Sabato l'Olimpico non ha fischiato Sandro...ma il "nemico", colui che ha osato allontanarlo... Ha fischiato il sistema...la dura legge del calcio moderno (si dice così...vero?) che ha imposto la cessione dell'ultimo vero uomo-bandiera in casa Lazio. E non è un caso che la folla biancoceleste in questa stagione si sia ritrovata unita e compatta nel sostegno alla squadra indipendentemente dai risultati sportivi...si sia "aggrappata" al vessillo al di là dei singoli giocatori, si sia ritrovata orgogliosa di essere laziale forse più di prima.
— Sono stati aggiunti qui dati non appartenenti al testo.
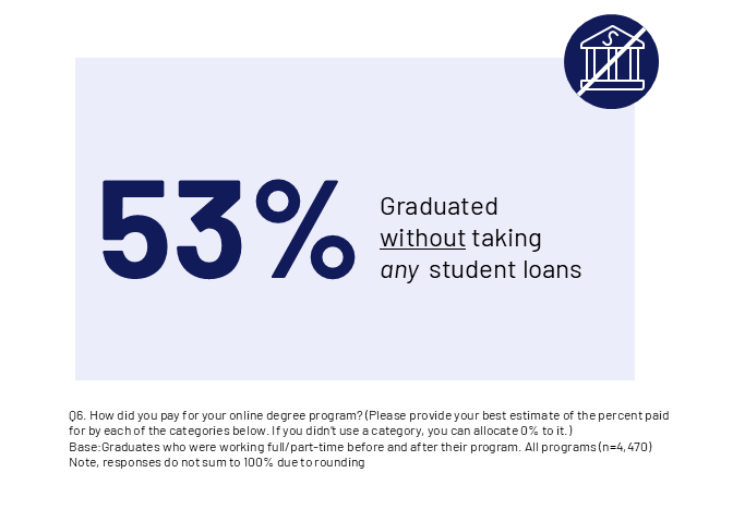 The conversation surrounding student debt and loans is far from over, remaining a complex issue with significant economic implications for students. It is especially noteworthy that a majority (53%) of graduates of Risepoint-supported programs did not take on any student debt. In fact, loans make up less than half of degree program funding (40%). Often, graduates of Risepoint-supported programs are able to leverage their own income or savings (35%) and employer tuition assistance (15%) to fund their degrees.
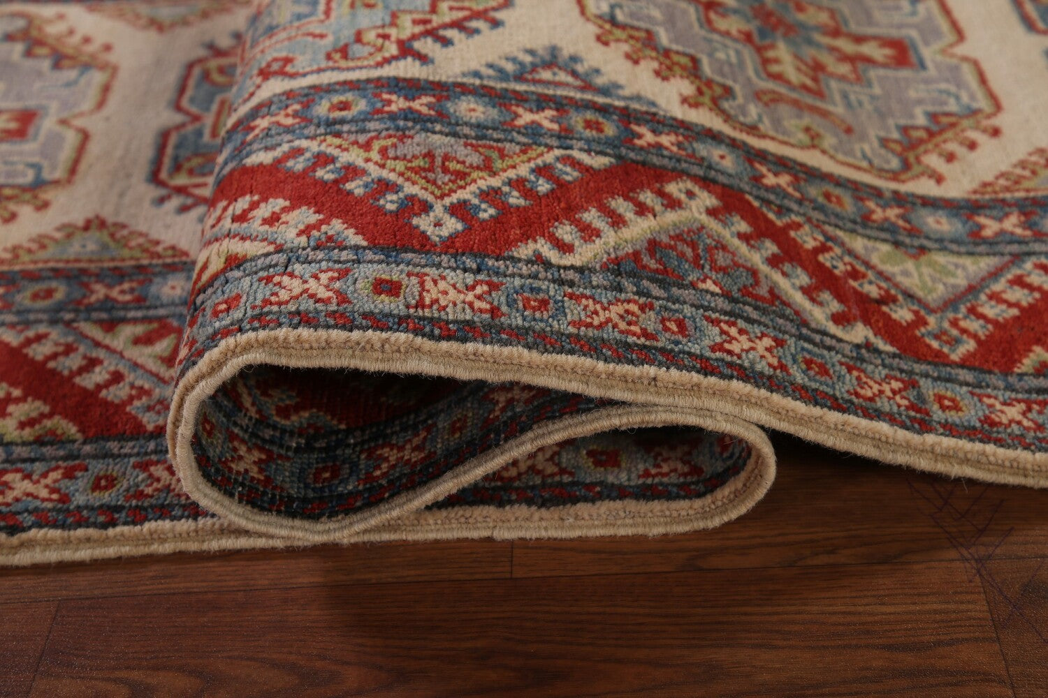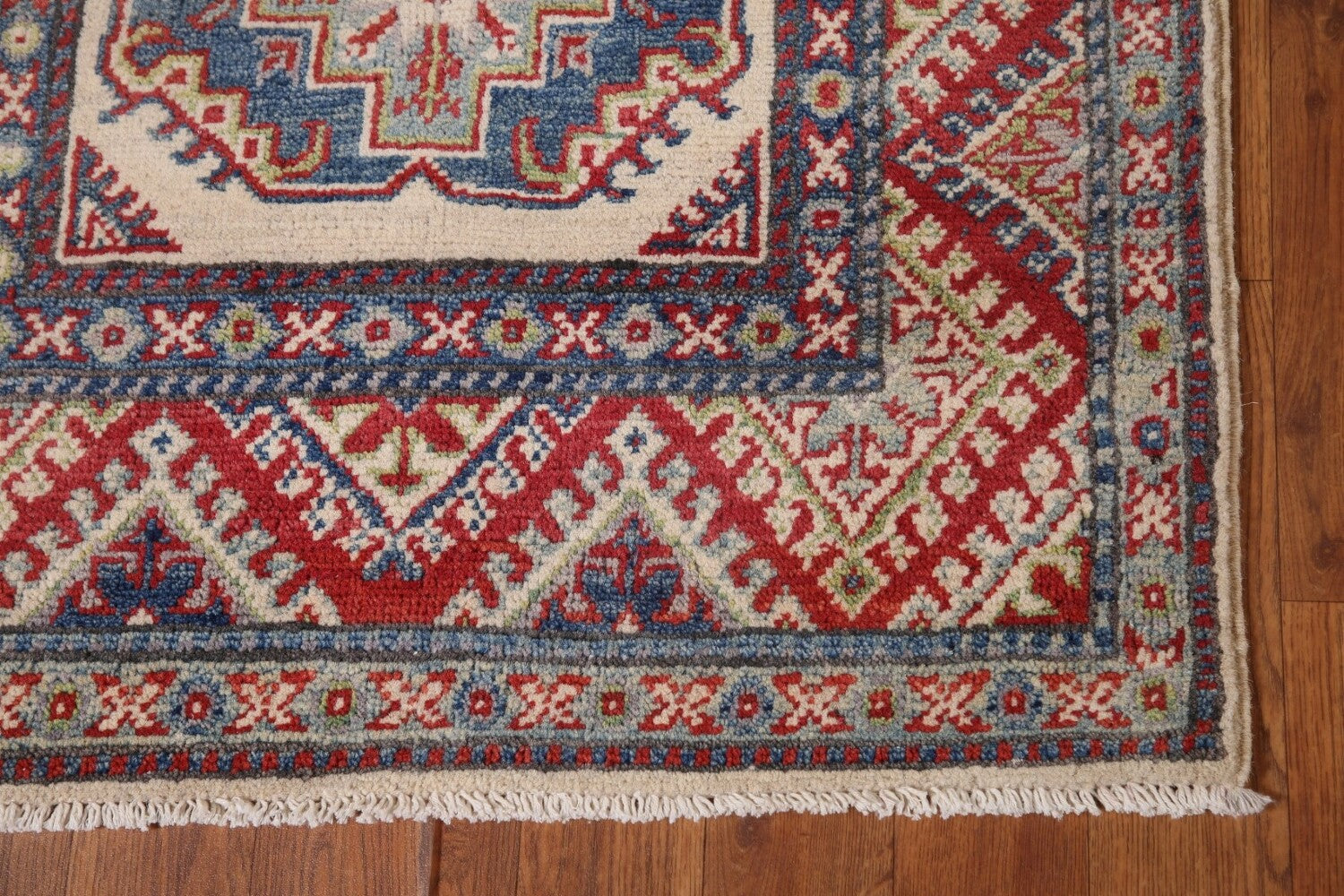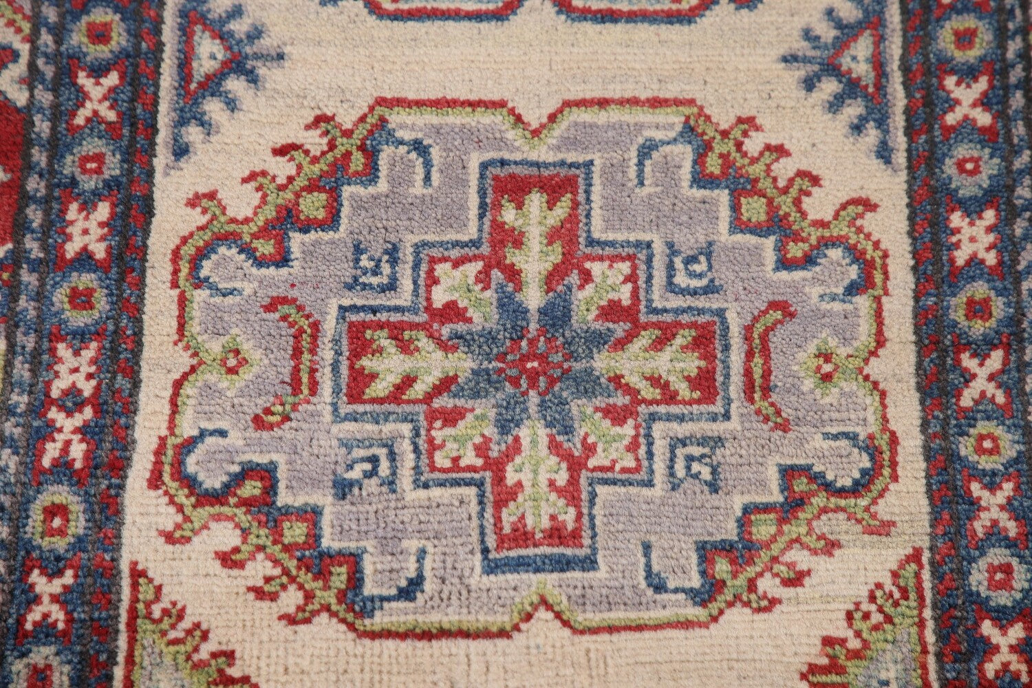 A Beautiful Genuine Pakistan Kazak rug is Hand Knotted by skillful weavers in Pakistan with 100% Wool Material. This rug is in New, First Quality condition. dimensions are 15' 5'' X 2' 7'' in foot and 470 X 79 in centimeter. the primary color is Beige & Ivories.
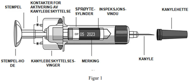 Figur 1 nedenfor viser hvordan en ferdigfylt sprøyte ser ut.
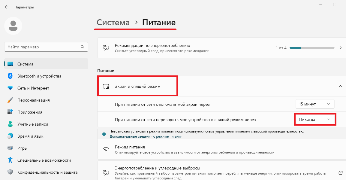 - Перейдите в раздел Пуск > Параметры >Система > Питание и спящий режим.

Sandro Nesta non è un mercenario...lo sa bene la gente...anche quella che lo ha fischiato sonoramente; la sua colpa semmai è quella di essere stato l'ultimo degli incedibili e, in quanto tale, l'unico che, andandosene, doveva qualcosa a quella gente così svisceratamente innamorata... Potevano non farlo Vieri, Salas, forse anche Nedved e Signori...uomini che hanno contribuito ai successi laziali ma che, nonostante lo splendido feeling con i tifosi, non hanno fatto della Lazio la loro vita... Sandro doveva...perchè lui era la Lazio...l'anello di congiunzione tra il nebbioso passato e la nuova realtà dell'era Cragnotti...inesauribile vanto della Roma biancazzurra. Doveva trovare il modo di dire a tutti che le sue gambe andavano a Milano ma il suo cuore sarebbe rimasto lì...Doveva prenotare non una pagina di giornale come fanno coloro che se ne vanno dopo qualche anno...ce ne volevano dieci! Dieci facciate per gridare al suo popolo... "A presto"...per dire che lui la sua gente non l'avrebbe dimenticata mai... Doveva vincere remore e timidezza, doveva confrontarsi con chi non ha dormito per notti intere, doveva comunque andare, nonostante il clima avverso, sotto quella curva e spiegare, anche con un solo gesto, perchè sia "sparito" nel nulla... Non è che poteva..: attenzione...doveva!
Poteva non averne voglia...ma aveva un "debito"...un debito d'onore! Non c'è da sdegnarsi per quei fischi...sarebbe stata tremendamente peggio l'indifferenza...
Ed invece quel sibilo che ha accompagnato ogni sua giocata è stata la sofferta testimonianza di un grande amore forse involontariamente calpestato...manifestazione insolita, complessa e paradossale. Diatriba mangiafegato che il pubblico laziale aveva "riservato", lacrime agli occhi, solo ad altri due giocatori "purosangue"... anche se con qualche sfumatura diversa: Bruno Giordano e Paolo Di Canio... anche loro accolti, da avversari, in modo insolito e contrastato...è solo un caso?